A imoralidade que transgride a ordem de Deus na criação (como pedofilia e homossexualidade) tende a provocar fortes reações por parte de alguns, mesmo no mundo em geral. Sabe-se que mesmo criminosos endurecidos, que pouco se importariam com roubos e violência, muitas vezes ameaçam até a vida de um companheiro de prisão condenado por molestar crianças. Às vezes, os crentes levantam questões sobre se alguém com tendência à pedofilia ou à homossexualidade poderia realmente ser salvo. É importante perceber que essas inclinações podem afligir certos indivíduos e exigir graça do Senhor para superá-las, assim como outros podem ter que superar uma propensão a coisas como mentira, violência ou imoralidade heterossexual.

Julgando a raiz 

Como ocorre com todos os impulsos na velha natureza pecaminosa do crente, as tendências homossexuais devem ser reconhecidas como um efeito da queda e uma raiz de grave imoralidade. A inclinação deve ser julgada sem complacência perante o Senhor, reconhecendo que estamos “mortos para o pecado, mas vivos para Deus” (Rm 6:11). Assim como muitos queridos crentes foram libertados de coisas como vícios em álcool, drogas e imoralidade heterossexual, também não podemos limitar o que a graça de Deus pode fazer ao libertar da imoralidade homossexual. Para alguns, a luta pode ser difícil, a ponto de tornar difícil desfrutar de um relacionamento heterossexual normal, mas certamente o Senhor que deu Sua vida por nós, ouvirá e concederá a graça necessária, se olharmos para Ele. Mas, mesmo que a tendência persista, certamente podemos nos apoderar das palavras do Senhor a Paulo: “a Minha graça te basta” (2 Co 12:9), e esperar por Ele para nos ajudar a não ceder à inclinação e assim cometer um ato manifesto de pecado.

Ajuda pastoral 

Também é importante que outros crentes, que não têm essa tendência, não evitem ou nem se afastem de alguém com tendência homossexual. A prática da homossexualidade deve ser fortemente condenada, mas as pessoas afligidas por esse problema precisam de ajuda, encorajamento e cuidado pastoral, a fim de ajudá-las a evitar cair em pecado. Deve haver liberdade para elas pedirem ajuda, sem medo de serem rejeitadas e evitadas.

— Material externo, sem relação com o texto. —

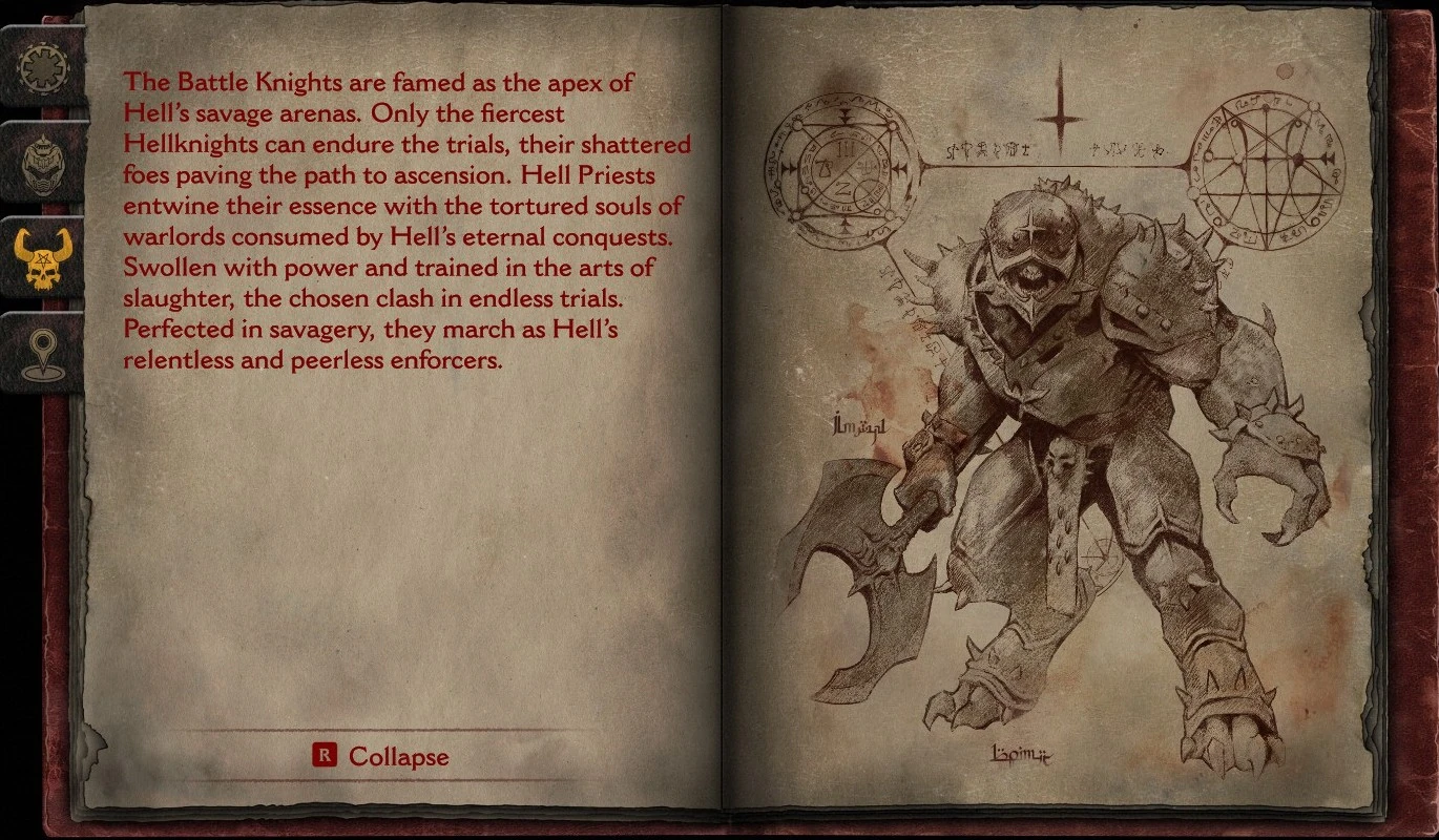 The Battle Knights are famed as the apex of Hell's savage arenas. Only the fiercest Hellknights can endure the trials, their shattered foes paving the path to ascension. Hell Priests entwine their essence with the tortured souls of warlords consumed by Hell's eternal conquests. Swollen with power and trained in the arts of slaughter, the chosen clash in endless trials. Perfected in savagery, they march as Hell's relentless and peerless enforcers.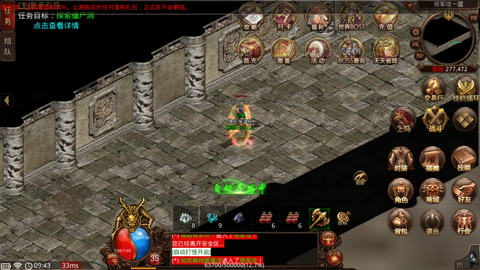 3、逆魔之王、禁地之王、禁地魔王、通天教主等众多经典BOSS等待你的挑战,充值卡、极品装备爆率超高,掉落不停。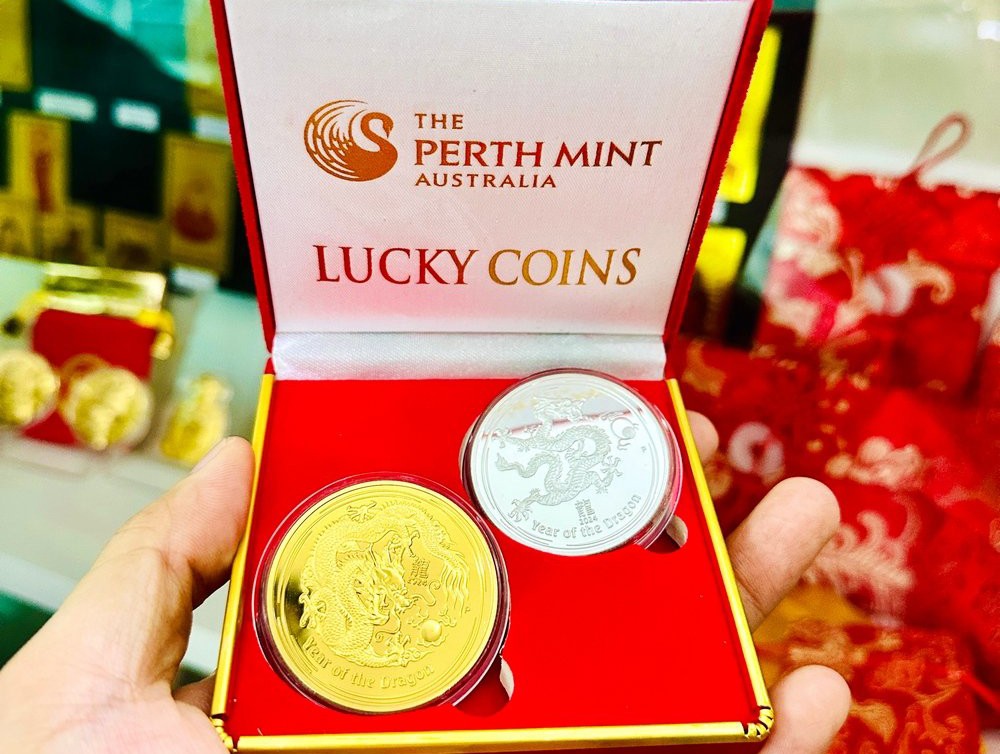 Ngoài tiền giấy, một số cửa hàng còn rao bán tiền xu hình rồng vàng. Theo đó, tiền xu của Úc hình rồng vàng, bạc được sản xuất với mục đích làm quà tặng, lì xì có giá từ 139.000 đồng.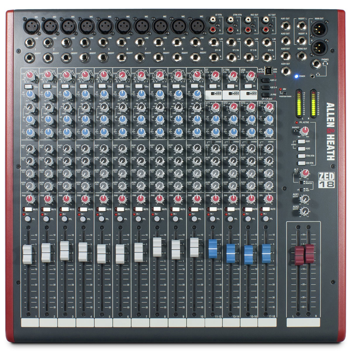 Allen&Heath ZED18 имеет USB соединения посыла и возврата для записи, воспроизведения и создания эффектов. 10 моно микрофонных / линейных входов снабжены 2-х ступенчатыми высококачественными предусилителями DuoPro, 3-полосным эквалайзером с параметрической cерединой на моно-линейках и 100 мм фейдеры, все это в компактном формате.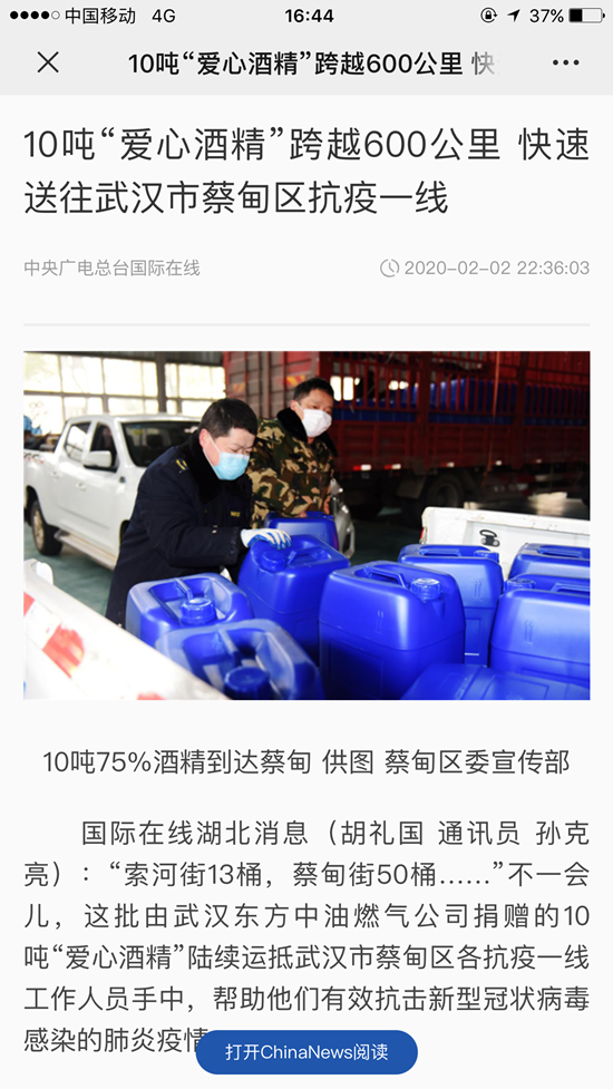 《中央廣電總臺》:10噸愛心酒精跨越600公里 快速送往武漢抗疫前線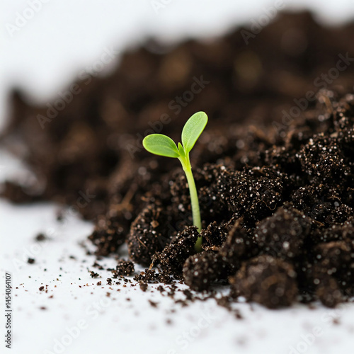 Young Green Plant Growing in Fresh Soil on Neutral Background – Concept Image Representing Growth, Sustainability, Ecology, and New Beginnings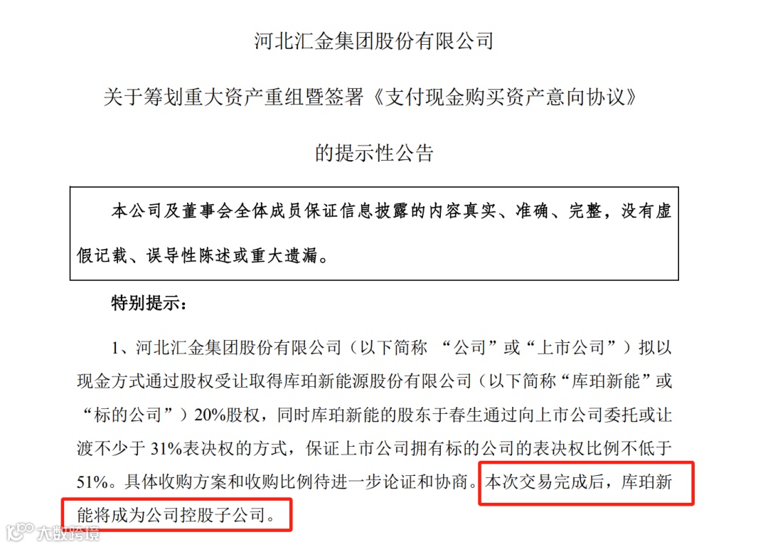 本次交易完成后,库珀新能将成为汇金股份控股子公司。根据初步测算,本次交易预计构成重大资产重组,但公司股票不停牌。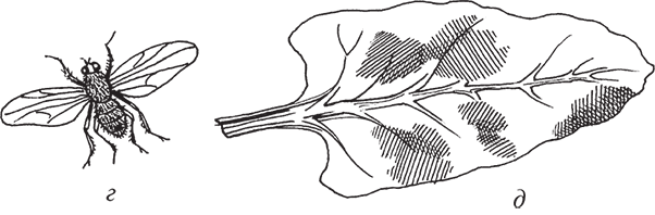Рис. 86. Свекловичная муха (окончание): г – взрослая свекловичная муха; д – лист свеклы, поврежденный личинками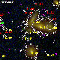 Black segments are analyzed here. Roll mouse over color images to view segments. Best viewed in a wide browser window (1200 pixels or more). Download SED & P(z) plots to view larger versions.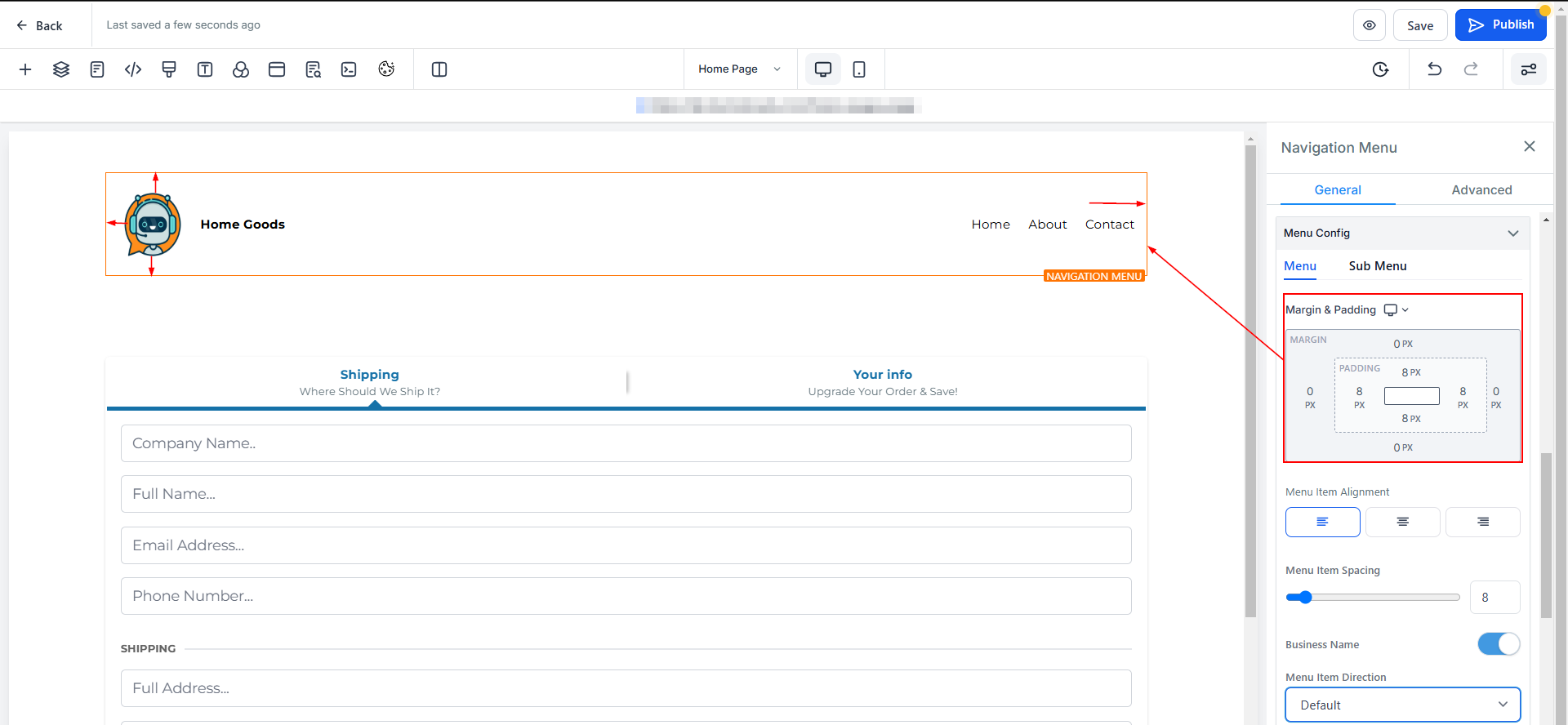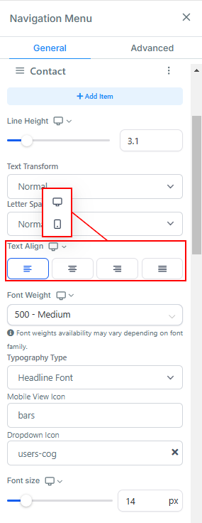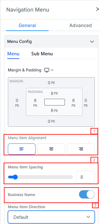 - Menu Item Alignment: This feature helps you control the overall layout and spacing of the items to ensure your navigation menu is both visually appealing and functional.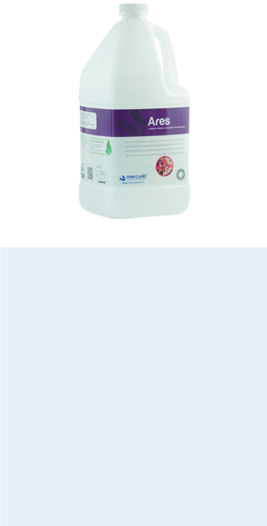 Limpiador multiusos con desinfectante líquido concentrado biodegradable, ha sido diseñado especialmente para el cuidado de sus pisos ya que elimina la grasa, el polvo y la mugre, sin dejar residuos. Ares recupera el brillo perdido dejando un ambiente agradable con aromas frescos, limpios y libres de bacterias.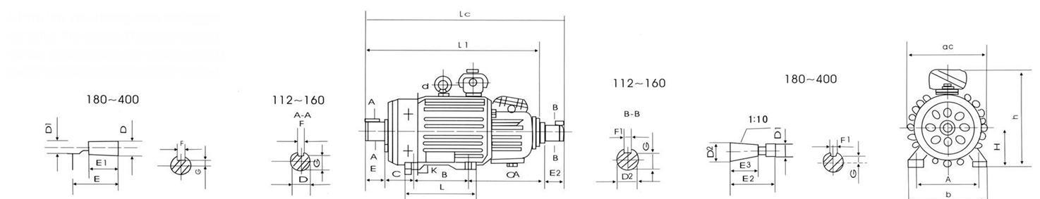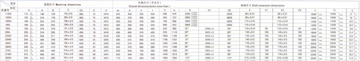 电动机的结构:绝缘等级:分为F级和H级两种。F级适用于冷却介质温度不超过40℃的一般场所;H级适用于冷却介质温度不超过60℃的冶金场所,两种电动机有相同的电气性能。 防护等级:冶金用为IP54;起重用为IP44。 冷却方法: 112~132为自然冷却(IC0041),160~355为自扇冷却(IC0141),400为具有内循环通风外扇冷却(IC0151)。 安装结构型式:见下表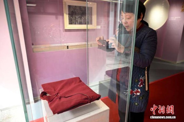 图为林徽因亲手缝制的旗袍吸引参观者。中新社记者 吕明 摄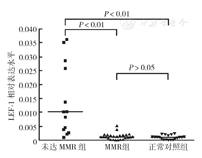 应用实时荧光定量聚合酶链反应测定38例CML-CP患者初诊和伊马替尼治疗后及20名正常对照骨髓单个核细胞的LEF-1 mRNA表达水平,分析其与伊马替尼治疗获得主要分子学反应(MMR)的关系。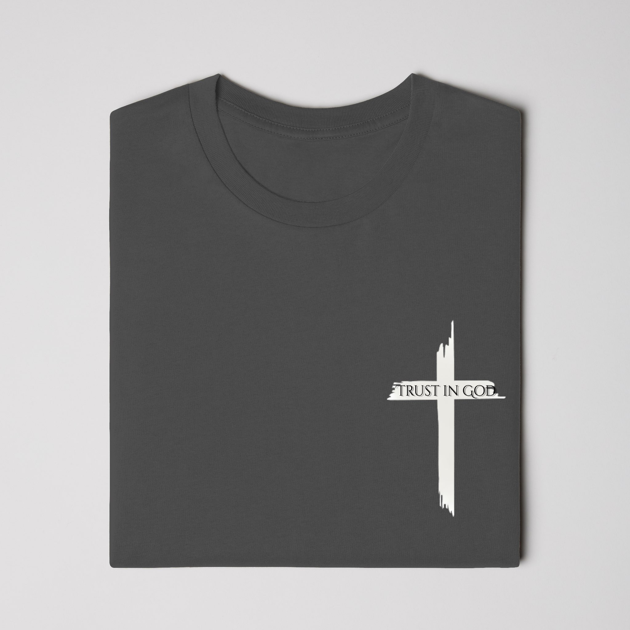 Show your faith and patriotism with this bold, inspiring design. Crafted from 100% premium cotton, this t-shirt delivers unbeatable comfort, breathability, and a classic fit that lasts wash after wash.

Nestes últimos dias, quando toda a restrição parece ter sido abandonada, é preciso uma verdadeira dependência do Senhor para se manter longe da escancarada imoralidade que é exibida por toda parte, seja homossexual ou heterossexual. No entanto, Deus não nos disse para sermos vencedores se isso fosse impossível.

Libertação 

Uma questão final pode surgir sobre se a pessoa com tendência homossexual pode ser completamente libertada dela, de modo a ser capaz de levar uma vida normal e entrar em um relacionamento matrimonial feliz. Esta é uma questão sobre a qual é difícil de se afirmar algo, pois, nas palavras de alguém, “não há nada mais forte que a graça de Deus, mas nada mais fraco que a carne.” Há pessoas com alguns tipos de doenças mentais, por exemplo, que são incapazes de agir de uma maneira completamente normal em alguns aspectos da vida, apesar de caminharem com o Senhor e dependerem d’Ele. Do mesmo modo, alguns com fortes tendências homossexuais podem ter que reconhecer suas limitações e buscar a graça do Senhor para vencê-las dentro de tais limites. Deus não tirou todos os efeitos do pecado neste mundo, nem mesmo para o crente, mas aqueles que glorificam a Deus, apesar de tais limitações, sem dúvida colherão uma grande recompensa nos dias vindouros. No entanto, dizer que alguém não possa se libertar de tal aflição é limitar a graça e o poder de Deus. Em qualquer situação, no entanto, somos sempre responsáveis pelos motivos de nossas ações, e podemos pedir ao Senhor graça para viver uma vida para Sua glória aqui embaixo e andar em comunhão com Ele.

Depois de se referir a vários pecados, incluindo a prática da homossexualidade, Paulo poderia dizer aos coríntios: “E é o que alguns têm sido; mas haveis sido lavados, mas haveis sido santificados, mas haveis sido justificados em nome do Senhor Jesus, e pelo Espírito do nosso Deus” (1 Co 6:11). As práticas que os caracterizaram antes de serem salvos deveriam ser abandonadas, e certamente Deus dará a graça necessária para isso hoje, como Ele fez nos tempos de Paulo.